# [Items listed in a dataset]
----
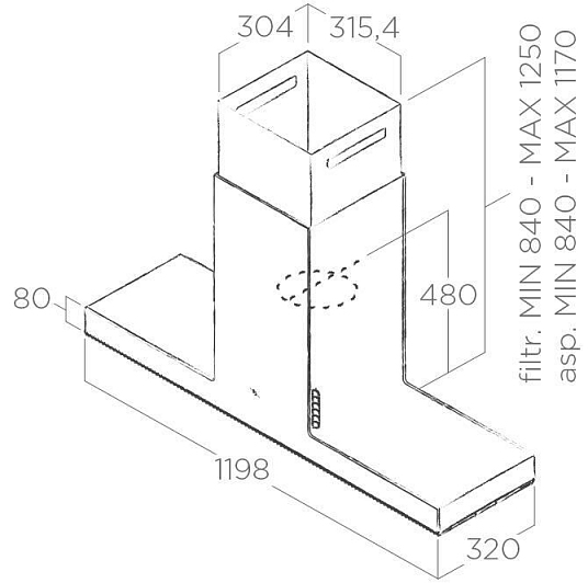 Дополнительная информация: - Жироулавливающий алюминиевый фильтр, пригодный для мытья в посудомоечной машине- Угольный фильтр (приобретается отдельно)- Светодиодное освещение 1х7 Вт- Диаметр воздуховода 150 мм- Декоративный дымоход в комплекте- Минимальная высота над газовой плитой: 650 мм - Минимальная высота над электрической плитой: 600 мм
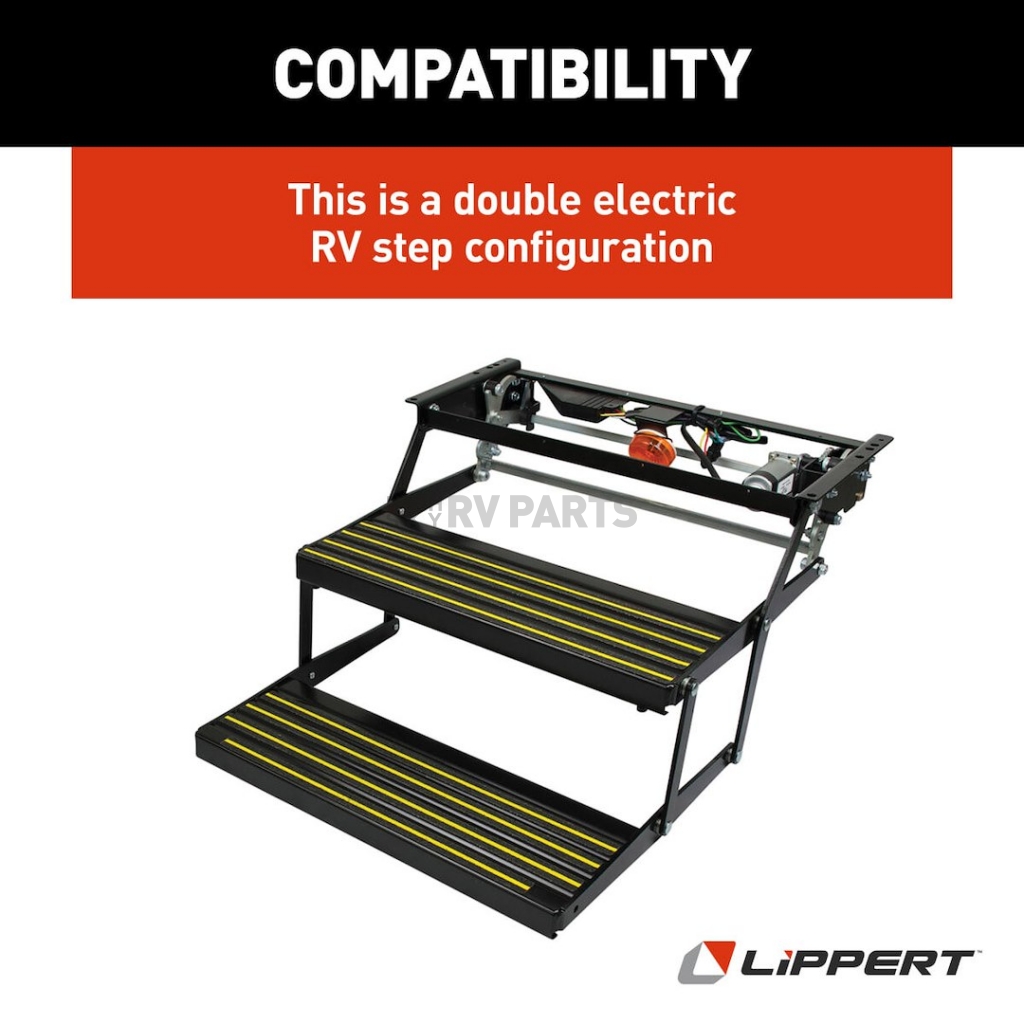 The Kwikee Revolution Double Electric Step by Lippert Components automatically extends when you open your RV door and retracts when you close your RV door. The power step will automatically stop if it strikes an obstacle. Weatherproof wiring and connectors prevent shorts and corrosion in the system.Mounting Type: Coach Mount
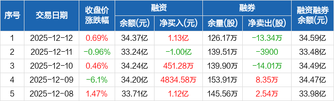 洛阳钼业:融资净买入1.13亿元,两市排名第19(12-12)
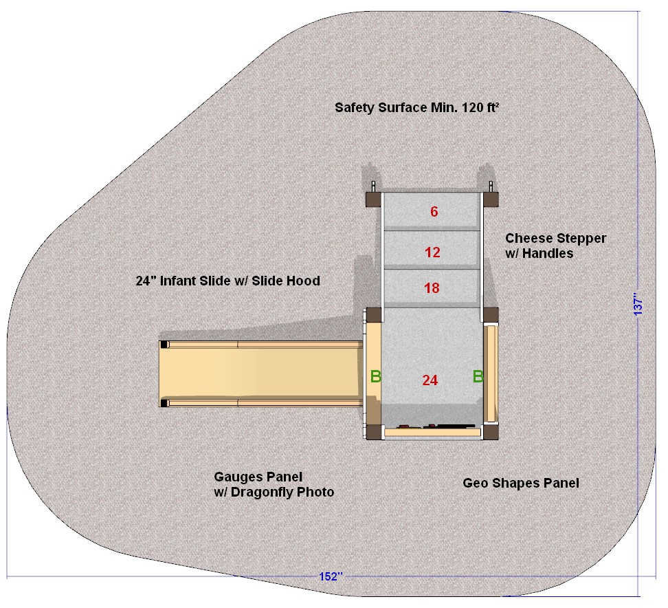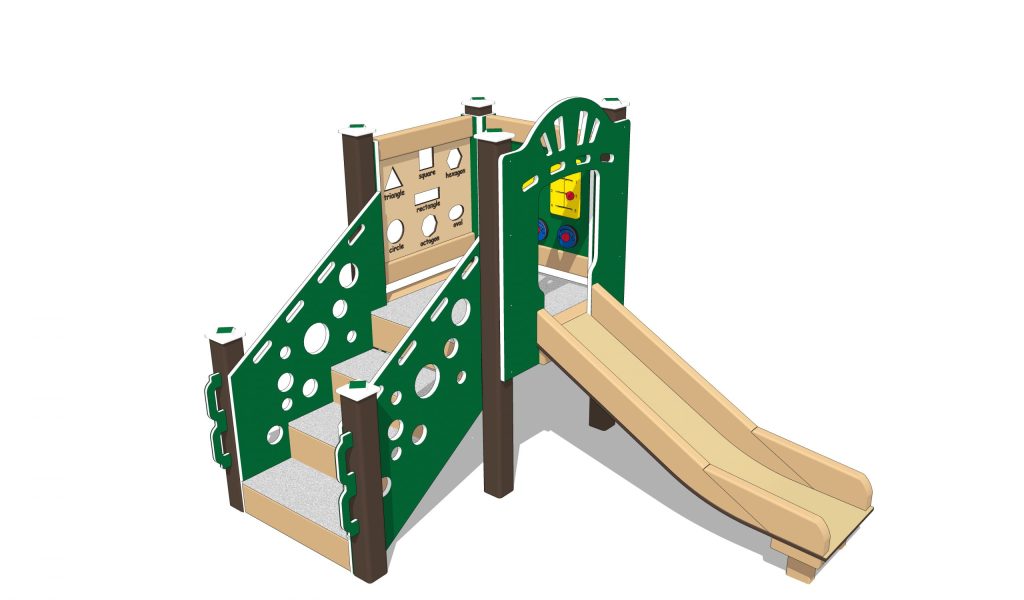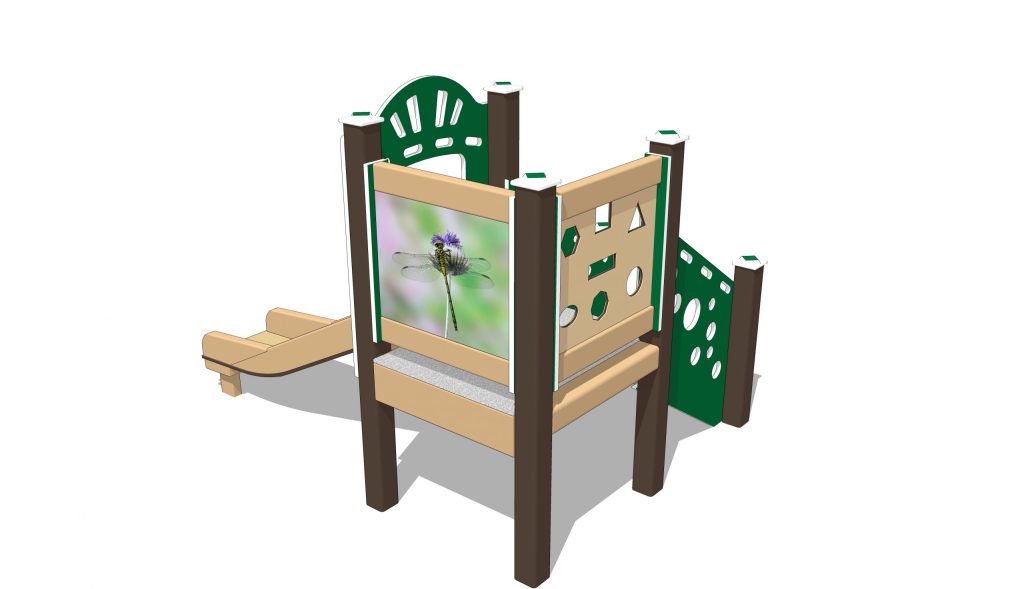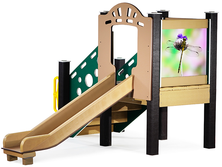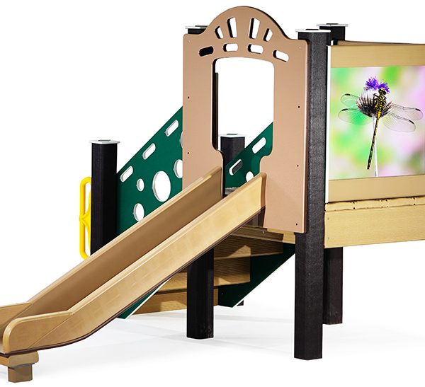 The Dragonfly infant outdoor playset is sized perfectly for children aged 6 months to 23 months. The Cheesy Stepper, reminiscent of Swiss cheese, provides easy access to the deck. At the top, cutouts in the side panel introduce geometric shapes and supply plenty of viewports.
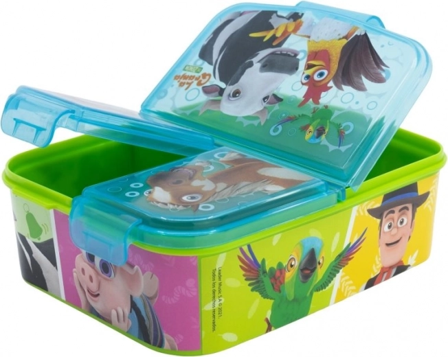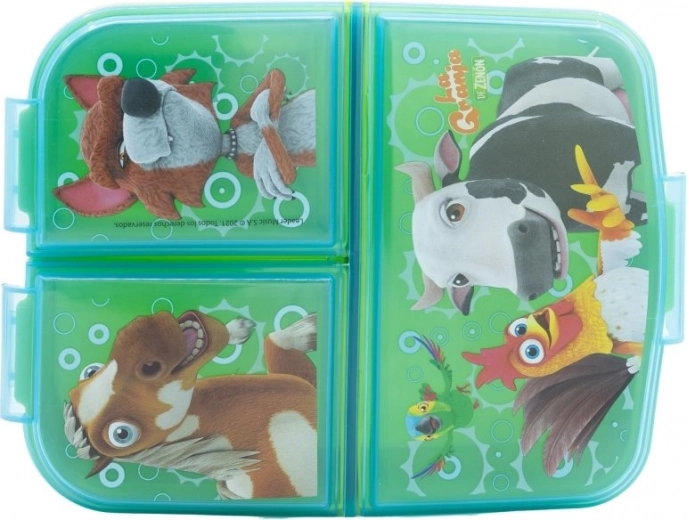 Praktična otroška večnamenska škatla za malico z motivom LA GRANJA DE ZENÓN ponuja tri ločene predelke, vzdržljiv material za vsakodnevno uporabo in izvedbo brez BPA z uradno licenco.
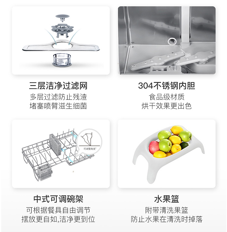 产品颜色:香槟金;款式:台式;外壳材质:钢化玻璃;控制方式:电子式;开合方式:顶开式;洗涤方式:喷淋式;干燥方式:余温自然干燥;消毒方式:高温消毒;餐具容量:6;耗水量(L):4.8-8;功率(W):920;净重(kg):17;外形尺寸(宽*高*深)mm:485*475*390;洗涤程序:强力洗、骨瓷洗、速洗、冲洗、果蔬
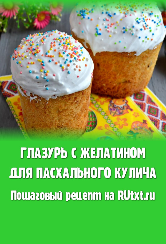 Многие хозяйки сталкивались с тем, что приготовленная ими глазурь или не застывает, или крошится, а то и вообще не получается. Предлагаю вам приготовить отличную глазурь с желатином для пасхального кулича. Такая глазурь получается всегда, не крошится при разрезании выпечки. Эта густая, быстро застывающая глазурь станет прекрасным украшением пасхальных куличей. Единственное условие в работе с ней - покрывать подготовленные куличи глазурью нужно очень быстро, пока она не застыла. Если глазурь все-таки застыла, а вы еще не успели смазать пасхальную выпечку, глазурь можно растопить на водяной бане. Глазури, приготовленной из указанного количества ингредиентов, хватит на 2 кулича диаметром 15 см.
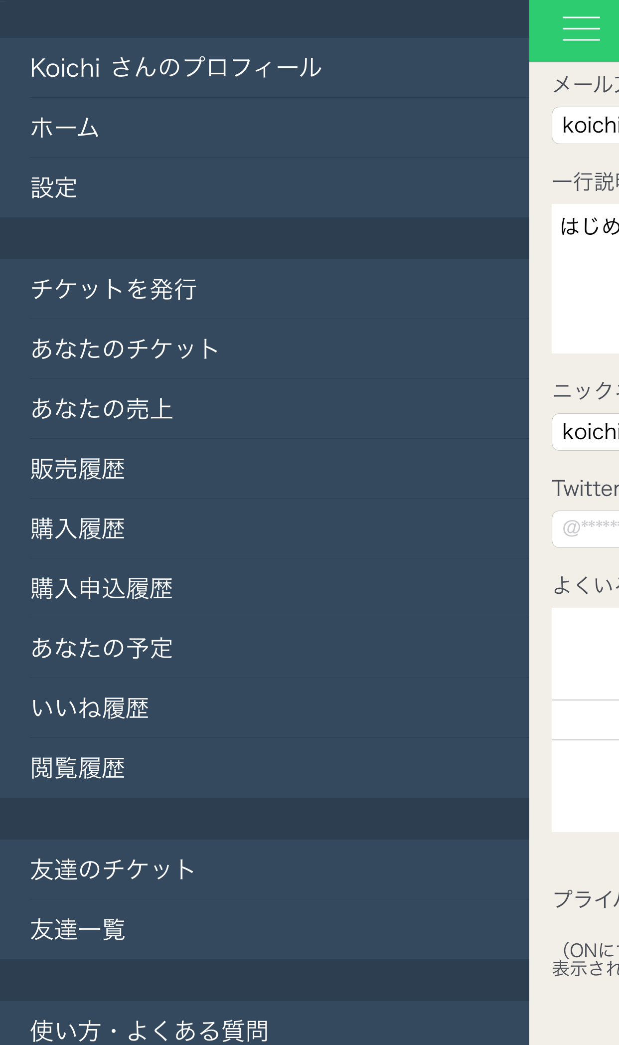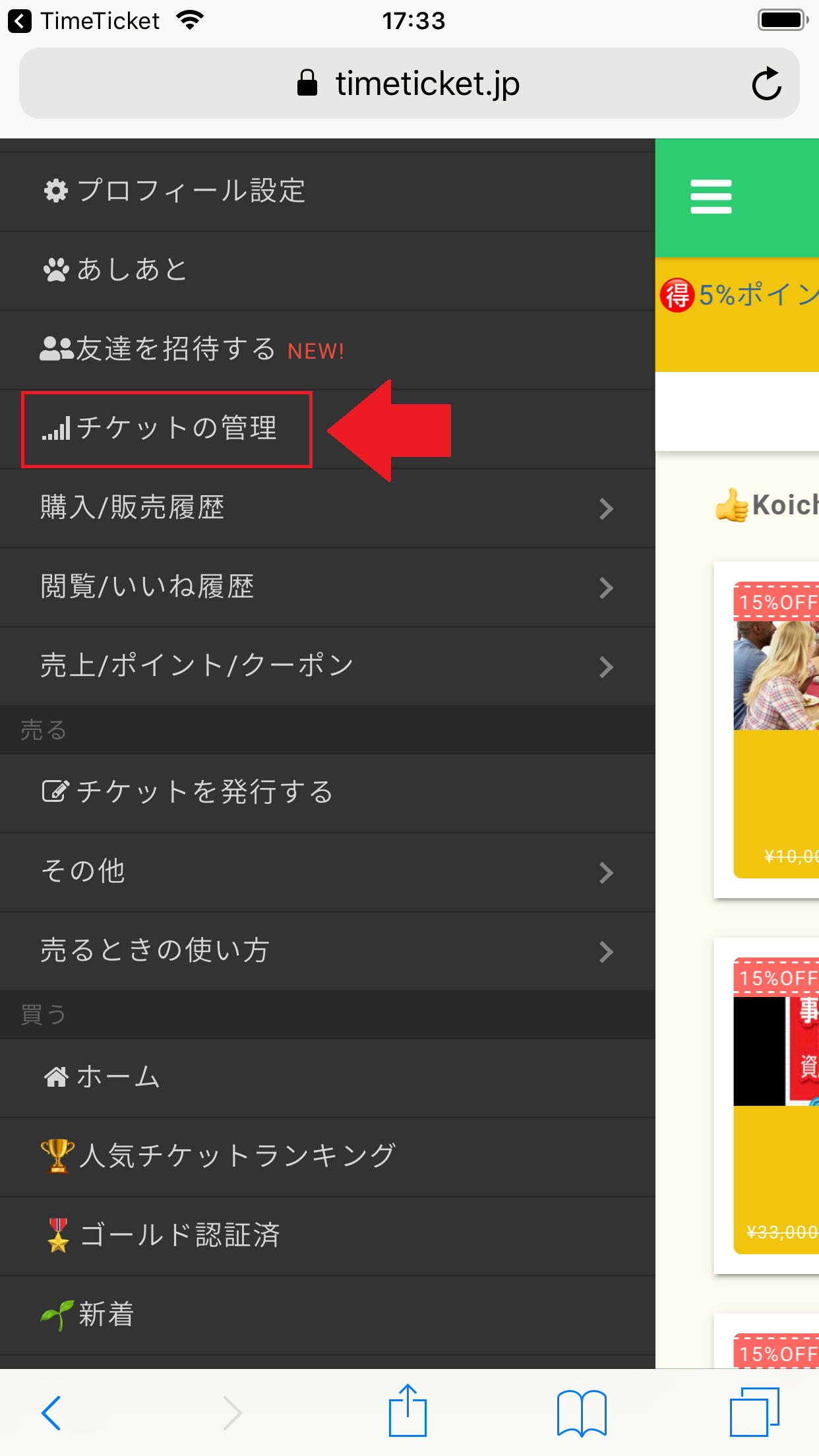 メニュー画面を開き「チケットの管理」をタップします。
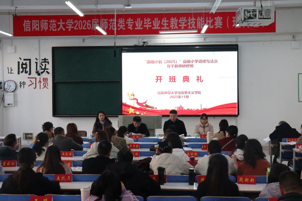 11月20日上午,信阳师范大学马克思主义学院在社科楼121教室举行“国培计划(2025)”县级小学道德与法治骨干教师研修班开班典礼。我院党委副书记王超、副院长常文涛出席典礼,班主任代表张琳、邱越及全体参训教师共同参会。本次开班典礼由常文涛主持。
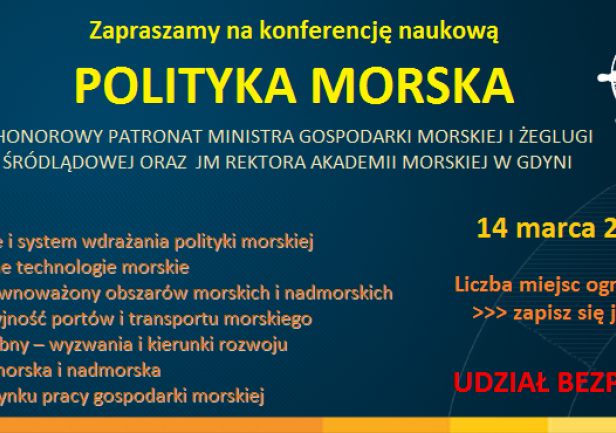 Akademia Morska w Gdyni, Wydział Przedsiębiorczości i Towaroznawstwa zaprasza na Ogólnopolską Konferencję Naukową POLITYKA MORSKA. Celem konferencji jest analiza stopnia realizacji polityki morskiej Polski i określenie metod, działań i narzędzi optymalnego wykorzystania morskiego potencjału Polski. Konferencja bezpłatna - liczba miejsc ograniczona.
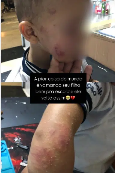 Revoltada com situação, a mulher publicou uma foto do filho machucado e cobrou explicações da escola.
----
# [Your objective]
Using the data above, transcribe exactly the lines between those containing "The Kwikee Revolution" and "洛阳钼业:融资净买入1.13亿元,两市排名第19(12-12)", inclusive, and leave every picture behind.

# [Answer below]
 The Kwikee Revolution Double Electric Step by Lippert Components automatically extends when you open your RV door and retracts when you close your RV door. The power step will automatically stop if it strikes an obstacle. Weatherproof wiring and connectors prevent shorts and corrosion in the system.Mounting Type: Coach Mount
 洛阳钼业:融资净买入1.13亿元,两市排名第19(12-12)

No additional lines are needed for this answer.